### [Instructions to follow]
Transcribe the entries exactly; images are not part of the copy.

Items from a dataset

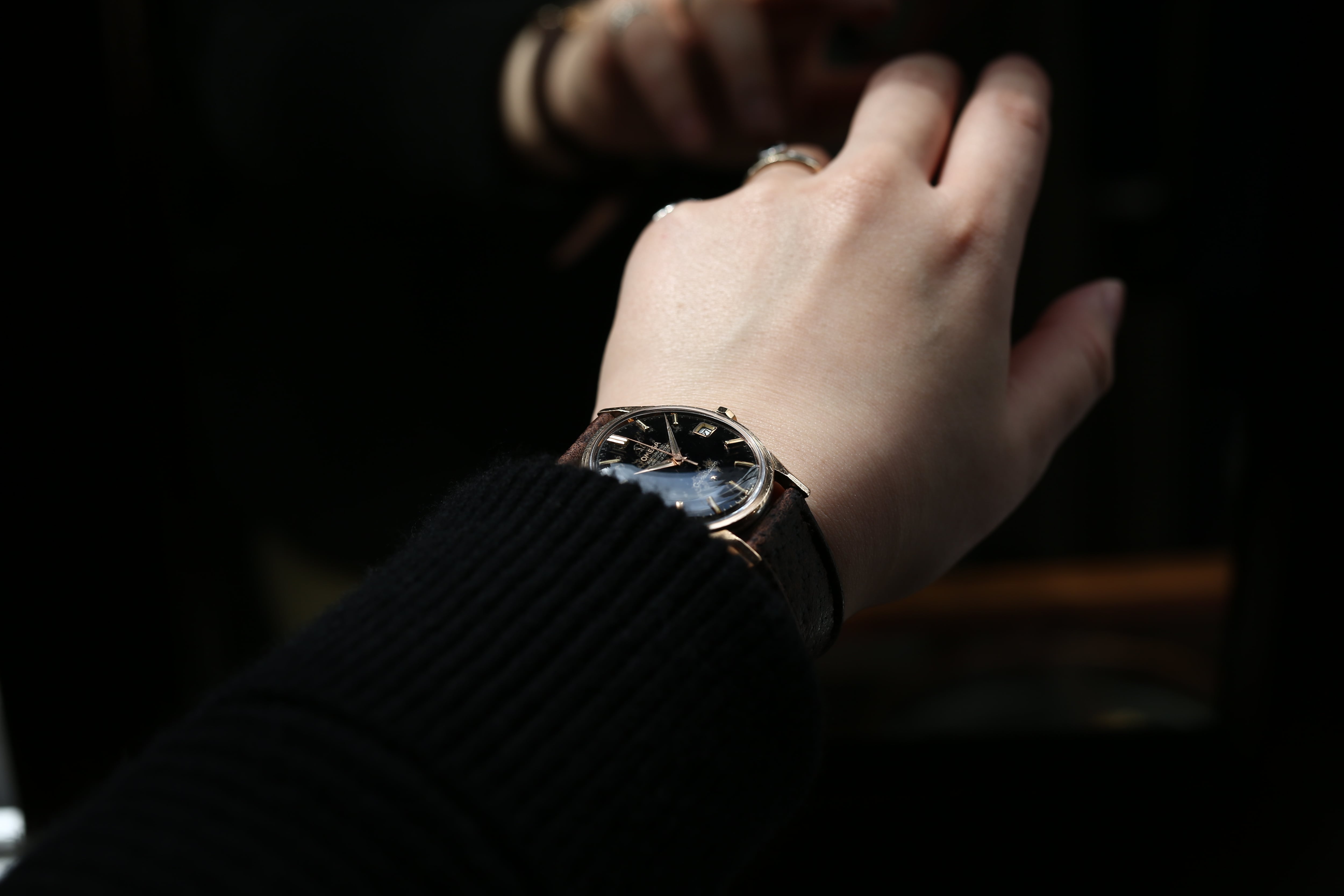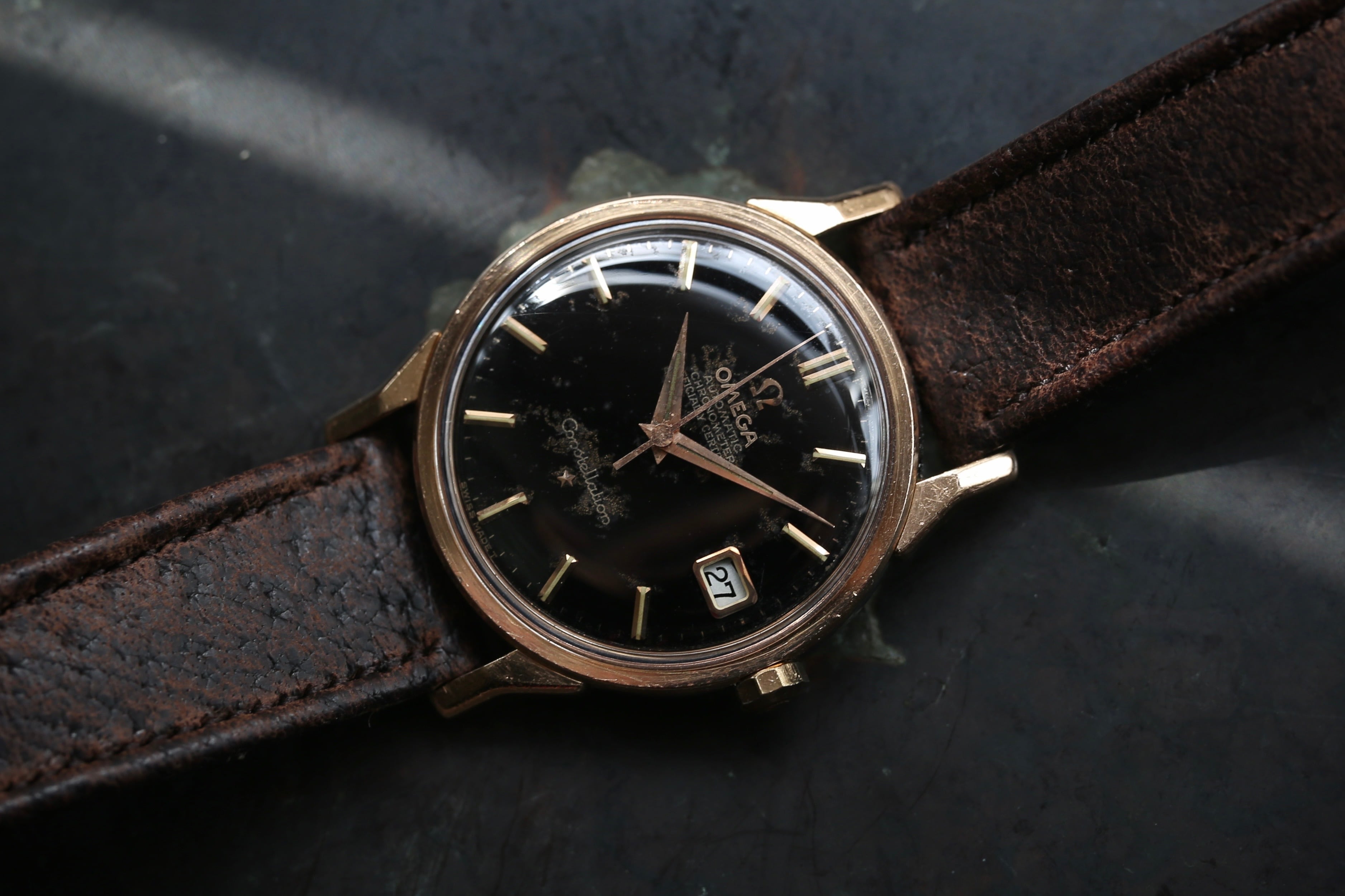【OMEGA】 1966年製 オメガ 『コンステレーション デイト』 ブラックミラーダイヤル Stardust aging ローズゴールド金張り OH / Vintagewatch / constellation / Cal.561
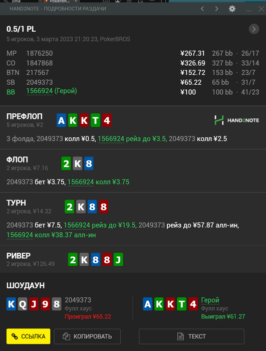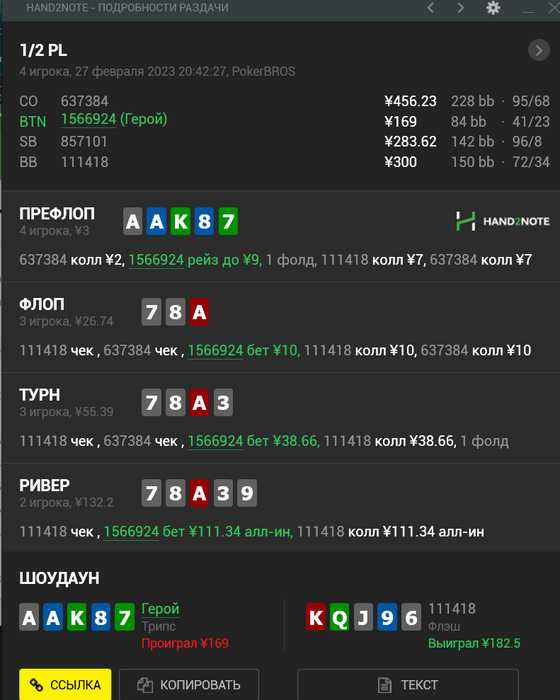 Вывод: играйте и пытайтесь находить в спотах как блефы, так и велью, умейте правильно соединять их в пазл и использовать с максимальной пользой. Играйте от души короче и не утоните в бесконечным бессмысленным гриндом)
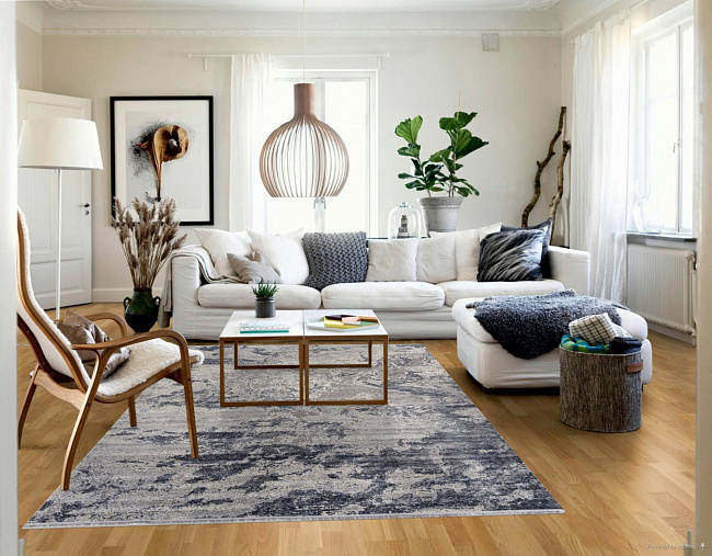 Если в комнате уже много акцентов, лучше выбирать более спокойные оттенки. Если интерьер нейтральный, ковер может стать заметной частью общей композиции.
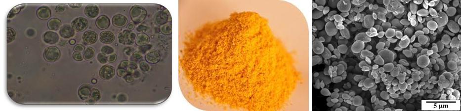 雨生紅球藻 (Haematococcus pluvialis)是一種單細(xì)胞淡水綠藻,屬于綠藻門(Chlorophata)、綠藻綱(( hlorophyceae)、 團(tuán)藻目(Volvocales)、紅球藻科(Haematococcaccae)、紅球藻屬(Haematococcus)。雨生紅球藻在多種不適宜生長的外界環(huán)境條件下會在細(xì)胞核周圍的細(xì)胞質(zhì)基質(zhì)中加速積累次生類胡蘿卜素,其中80%以上為蝦青素(圖1-2)及其酯衍生物。研究證明,蝦青素的抗氧化活性比β-胡蘿卜素、玉米黃素、葉黃素和角黃素等類胡蘿卜素高10倍,比黃體素高200倍,比維生素E高550倍被稱為超級維生素E。
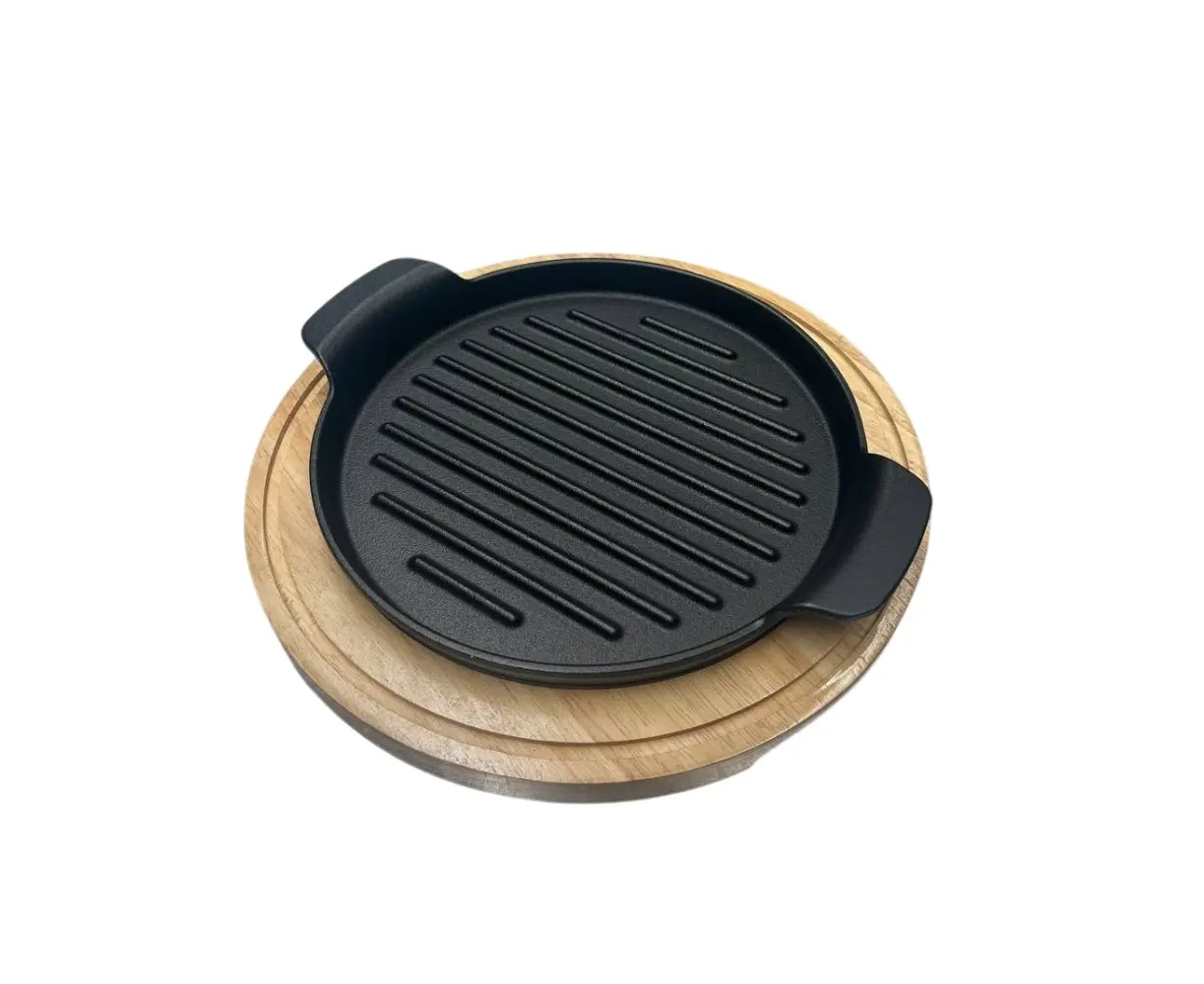 ეს კეცი დამზადებულია თუჯისგან და იდეალურია ხორცის, ბოსტნეულისა და სხვა პროდუქტების შესაწვავად. მას აქვს თავისივე ხის სადგამი, რაც უსაფრთხო და პრაქტიკულ გამოყენებას უზრუნველყოფს როგორც სამზარეულოში, ისე მაგიდაზე და სუფრაზე გადმოსატანად. სტრუქტურული ზედაპირი ხელს უწყობს პროდუქტების თანაბარ შეწვას.

### [Output of the exercise]
【OMEGA】 1966年製 オメガ 『コンステレーション デイト』 ブラックミラーダイヤル Stardust aging ローズゴールド金張り OH / Vintagewatch / constellation / Cal.561
 Вывод: играйте и пытайтесь находить в спотах как блефы, так и велью, умейте правильно соединять их в пазл и использовать с максимальной пользой. Играйте от души короче и не утоните в бесконечным бессмысленным гриндом)
 Если в комнате уже много акцентов, лучше выбирать более спокойные оттенки. Если интерьер нейтральный, ковер может стать заметной частью общей композиции.
 雨生紅球藻 (Haematococcus pluvialis)是一種單細(xì)胞淡水綠藻,屬于綠藻門(Chlorophata)、綠藻綱(( hlorophyceae)、 團(tuán)藻目(Volvocales)、紅球藻科(Haematococcaccae)、紅球藻屬(Haematococcus)。雨生紅球藻在多種不適宜生長的外界環(huán)境條件下會在細(xì)胞核周圍的細(xì)胞質(zhì)基質(zhì)中加速積累次生類胡蘿卜素,其中80%以上為蝦青素(圖1-2)及其酯衍生物。研究證明,蝦青素的抗氧化活性比β-胡蘿卜素、玉米黃素、葉黃素和角黃素等類胡蘿卜素高10倍,比黃體素高200倍,比維生素E高550倍被稱為超級維生素E。
 ეს კეცი დამზადებულია თუჯისგან და იდეალურია ხორცის, ბოსტნეულისა და სხვა პროდუქტების შესაწვავად. მას აქვს თავისივე ხის სადგამი, რაც უსაფრთხო და პრაქტიკულ გამოყენებას უზრუნველყოფს როგორც სამზარეულოში, ისე მაგიდაზე და სუფრაზე გადმოსატანად. სტრუქტურული ზედაპირი ხელს უწყობს პროდუქტების თანაბარ შეწვას.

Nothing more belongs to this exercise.